To see TypeChat in action, check out the examples found in this directory.
Each example shows how TypeChat handles natural language input, and maps to validated JSON as output. Most example inputs run on both GPT 3.5 and GPT 4. We are working to reproduce outputs with other models. Generally, models trained on both code and natural language text have high accuracy.
We recommend reading each example in the following order.
Name | Description |
---|---|
Sentiment | A sentiment classifier which categorizes user input as negative, neutral, or positive. This is TypeChat's "hello world!" |
Coffee Shop | An intelligent agent for a coffee shop. This sample translates user intent is translated to a list of coffee order items. |
Calendar | An intelligent scheduler. This sample translates user intent into a sequence of actions to modify a calendar. |
Restaurant | An intelligent agent for taking orders at a restaurant. Similar to the coffee shop example, but uses a more complex schema to model more complex linguistic input. The prose files illustrate the line between simpler and more advanced language models in handling compound sentences, distractions, and corrections. This example also shows how we can use TypeScript to provide a user intent summary. |
Math | Translate calculations into simple programs given an API that can perform the 4 basic mathematical operators. This example highlights TypeChat's program generation capabilities. |
Music | An app for playing music, creating playlists, etc. on Spotify through natural language. Each user intent is translated into a series of actions in JSON which correspond to a simple dataflow program, where each step can consume data produced from previous step. |
You can experiment with these TypeChat examples on your local machine with just Node.js.
Ensure Node.js (18.16.0 LTS or newer) or newer is installed.
git clone https://github.com/microsoft/TypeChat
cd TypeChat/typescript
npm install
GitHub Codespaces enables you to try TypeChat quickly in a development environment hosted in the cloud.
On the TypeChat repository page:
- Click the green button labeled
<> Code
- Select the
Codespaces
tab. - Click the green
Create codespace
button.
If this is your first time creating a codespace, read this.
If this is your first time creating a codespace on this repository, GitHub will take a moment to create a dev container image for your session.

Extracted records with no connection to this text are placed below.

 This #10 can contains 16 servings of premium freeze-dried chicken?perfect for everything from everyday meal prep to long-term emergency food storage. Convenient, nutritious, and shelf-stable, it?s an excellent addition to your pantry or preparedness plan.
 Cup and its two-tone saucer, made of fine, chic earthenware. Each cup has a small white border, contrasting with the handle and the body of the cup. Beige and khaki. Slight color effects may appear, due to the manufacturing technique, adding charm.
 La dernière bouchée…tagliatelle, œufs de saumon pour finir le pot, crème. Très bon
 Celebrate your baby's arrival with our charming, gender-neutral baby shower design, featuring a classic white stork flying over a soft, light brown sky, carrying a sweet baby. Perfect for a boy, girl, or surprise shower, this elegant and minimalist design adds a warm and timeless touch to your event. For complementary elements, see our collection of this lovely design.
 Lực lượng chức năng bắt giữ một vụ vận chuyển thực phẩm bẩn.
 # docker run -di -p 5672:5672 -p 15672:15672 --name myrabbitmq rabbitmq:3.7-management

Once the image has been created, the browser will load Visual Studio Code in a developer environment automatically configured with the necessary prerequisites, TypeChat cloned, and packages installed.

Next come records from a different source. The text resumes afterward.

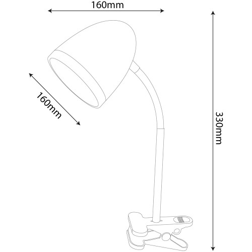 Asztali lámpa, csiptethető, E27, max. 15W, AVIDE, fekete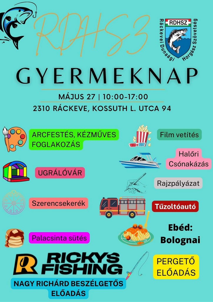 Az ingyenes rendezvényen ugrálóvárral, arcfestéssel, tűzoltóautóval, filmvetítéssel, palacsintasütéssel, pergető előadással, motorcsónakázással és Nagy Richárd (Ricky's fishing) előadásával kedveskedünk az ünnepelteknek. Helyszín: az RDHSZ székház kertje (Ráckeve, Kossuth Lajos u. 94.).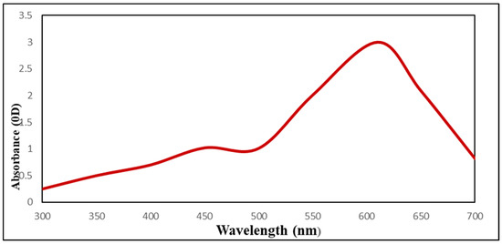 UV–Vis spectra studies confirmed that sodium selenite color changed from colorless to red (SeNPs) and that this color change was caused by SeNPs biosynthesis (Figure 3). As USeNPs increased, absorbance increased steadily from 2.6 to 3. The largest peak, however, occurred at 610 nm.

Remember that you are running in the cloud, so all changes you make to the source tree must be committed and pushed before destroying the codespace. GitHub accounts are usually configured to automatically delete codespaces that have been inactive for 30 days.

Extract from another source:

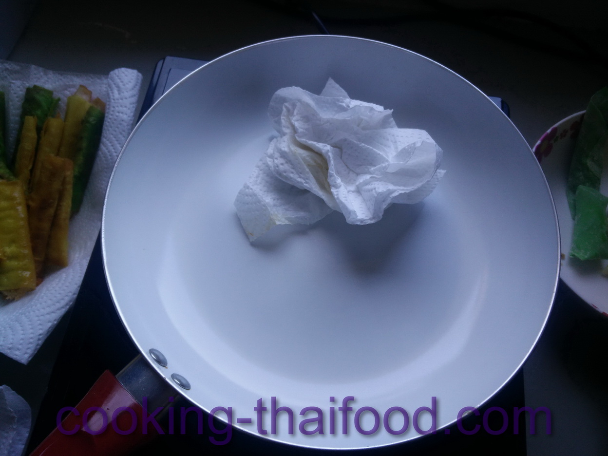 น้ำมันที่ใช้ เป็นน้ำมันจากเมล็ดทานตะวัน ใช้ผัดที่ความร้อนไม่สูง ไม่น่าเป็นไร(มั๊ง)

For more information, see the GitHub Codespaces Overview
Build TypeChat and the examples by running the following command in the repository root:
npm run build-all
Currently, the examples are running on OpenAI or Azure OpenAI endpoints. To use an OpenAI endpoint, include the following environment variables:
Variable | Value |
---|---|
OPENAI_MODEL |
The OpenAI model name (e.g. gpt-3.5-turbo or gpt-4 ) |
OPENAI_API_KEY |
Your OpenAI API key |
OPENAI_ENDPOINT |
OpenAI API Endpoint - optional, defaults to "https://api.openai.com/v1/chat/completions" |
OPENAI_ORGANIZATION |
OpenAI Organization - optional, defaults to "" |
To use an Azure OpenAI endpoint, include the following environment variables:
Variable | Value |
---|---|
AZURE_OPENAI_ENDPOINT |
The full URL of the Azure OpenAI REST API (e.g. https://YOUR_RESOURCE_NAME.openai.azure.com/openai/deployments/YOUR_DEPLOYMENT_NAME/chat/completions?api-version=2023-05-15 ) |
AZURE_OPENAI_API_KEY |
Your Azure OpenAI API key |
We recommend setting environment variables by creating a .env
file in the root directory of the project that looks like the following:
# For OpenAI
OPENAI_MODEL=...
OPENAI_API_KEY=...
# For Azure OpenAI
AZURE_OPENAI_ENDPOINT=...
AZURE_OPENAI_API_KEY=...
Examples can be found in the examples
directory.
To run an example interactively, type node ./dist/main.js
from the example's directory and enter requests when prompted. Type quit
or exit
to end the session. You can also open in VS Code the selected example's directory and press F5 to launch it in debug mode.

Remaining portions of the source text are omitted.